**Work required**
The response should consist of the data below, copied exactly, with no pictures in it.

**Recorded data**

= Beginning of Section =

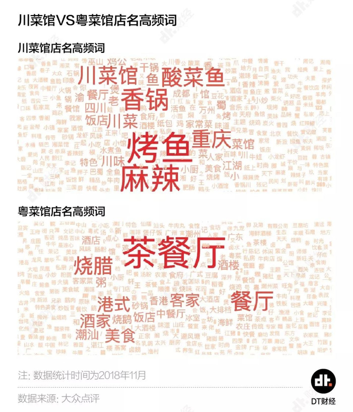 根据DT君从大众点评上获取的全国餐馆数据来看,川菜馆数量是粤菜的两倍还不止。
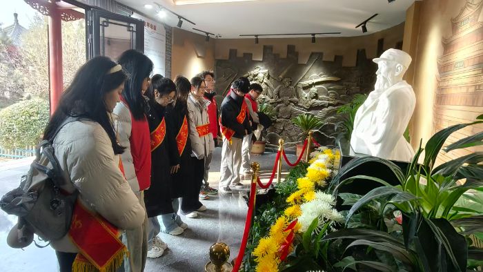 在范筑先烈士故居的紀念區域,團隊成員在烈士相關紀念標識前整齊列隊,集體鞠躬,完成默哀致敬儀式,以莊重的姿態表達對革命先烈的深切緬懷與崇高敬意。
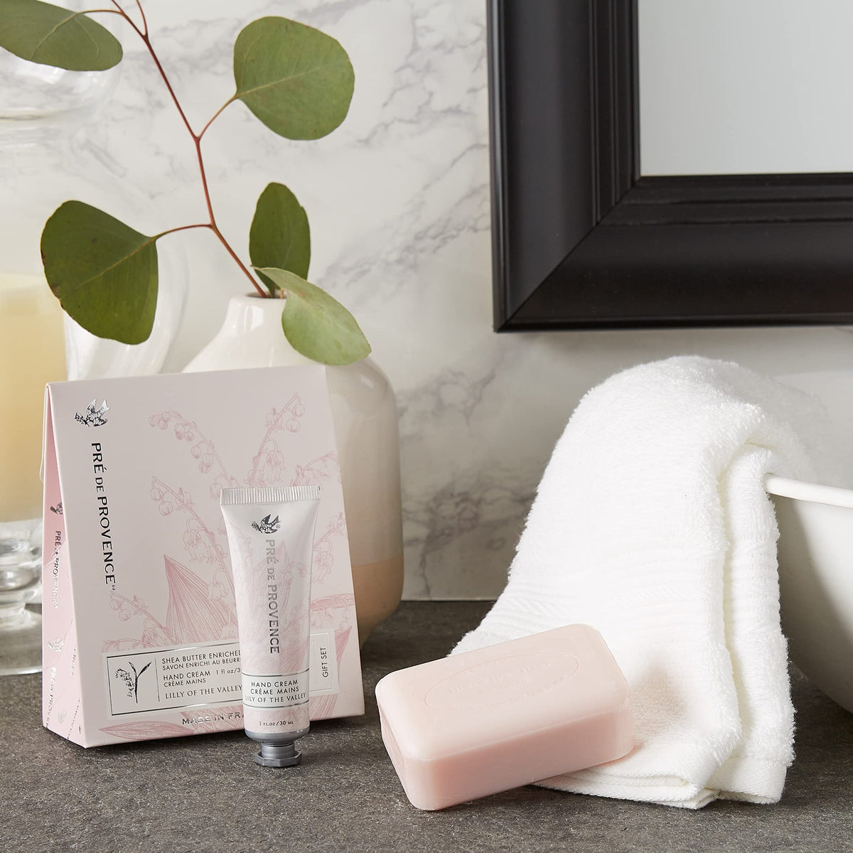 Indulge in the luxurious Pre de Provence Gift Set Collection featuring a 150g Soap Bar and 1 fl oz Hand Cream in the enchanting Lily of the Valley scent. Pamper yourself or gift it to a loved one for a spa-like experience at home.
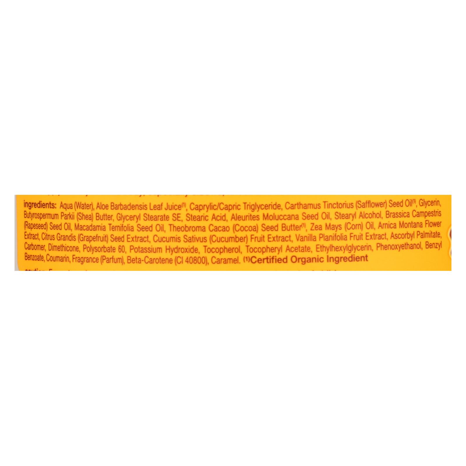 ingredients : aqua;water;aloe barbadensis leaf juice;¹;caprylic/capric triglyceride;carthamus tinctorius;safflower;seed oil;glycerin;butyrospermum parkii;shea;butter;glyceryl stearate se;stearic acid. Aleurites moluccana seed oil;stearyl alcohol;brassica campestris;rapeseed;macadamia ternifolia seed oil;theobroma cacao;cocoa;seed butter;zea mays;corn;oil;arnica montana flower extract;citrus grandis;grapefruit;seed extract;cucumis sativus;cucumber;fruit extract;vanilla planifolia fruit extract;ascorbyl palmita

= End of Section =

**Result of this task**
 根据DT君从大众点评上获取的全国餐馆数据来看,川菜馆数量是粤菜的两倍还不止。
 在范筑先烈士故居的紀念區域,團隊成員在烈士相關紀念標識前整齊列隊,集體鞠躬,完成默哀致敬儀式,以莊重的姿態表達對革命先烈的深切緬懷與崇高敬意。
 Indulge in the luxurious Pre de Provence Gift Set Collection featuring a 150g Soap Bar and 1 fl oz Hand Cream in the enchanting Lily of the Valley scent. Pamper yourself or gift it to a loved one for a spa-like experience at home.
 ingredients : aqua;water;aloe barbadensis leaf juice;¹;caprylic/capric triglyceride;carthamus tinctorius;safflower;seed oil;glycerin;butyrospermum parkii;shea;butter;glyceryl stearate se;stearic acid. Aleurites moluccana seed oil;stearyl alcohol;brassica campestris;rapeseed;macadamia ternifolia seed oil;theobroma cacao;cocoa;seed butter;zea mays;corn;oil;arnica montana flower extract;citrus grandis;grapefruit;seed extract;cucumis sativus;cucumber;fruit extract;vanilla planifolia fruit extract;ascorbyl palmita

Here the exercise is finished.